**Task objective:**
Every line of the data below must be output exactly, with images left out.

──────── The data

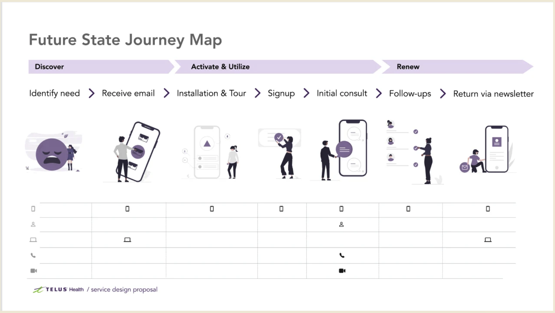 Based on the mid-fi prototype and the new features and touchpoints this included, our team created a 'future state' journey map to highlight to stakeholders how user needs will be better aligned with these functions.
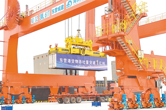 ????圖為12月22日,裝載集裝箱的“萬木春32”貨輪在東營港集裝箱碼頭停靠接卸。
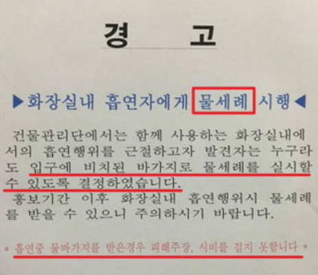 한 건물의 화장실에 담배를 피우면 '물벼락'으로 응징하겠다는 경고문이 부착됐다.
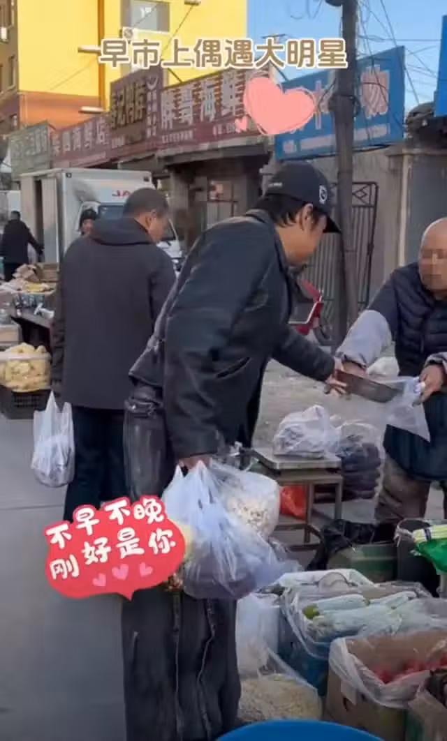 正在一家蔬菜攤前買核桃的馬景濤,對於認出自己的粉絲一點明星架子都沒有,手上端著一碗核桃的他還熱情招呼粉絲們來嘗一嘗,十分接地氣。

────────────────

**Exercise output:**
 Based on the mid-fi prototype and the new features and touchpoints this included, our team created a 'future state' journey map to highlight to stakeholders how user needs will be better aligned with these functions.
 ????圖為12月22日,裝載集裝箱的“萬木春32”貨輪在東營港集裝箱碼頭停靠接卸。
 한 건물의 화장실에 담배를 피우면 '물벼락'으로 응징하겠다는 경고문이 부착됐다.
 正在一家蔬菜攤前買核桃的馬景濤,對於認出自己的粉絲一點明星架子都沒有,手上端著一碗核桃的他還熱情招呼粉絲們來嘗一嘗,十分接地氣。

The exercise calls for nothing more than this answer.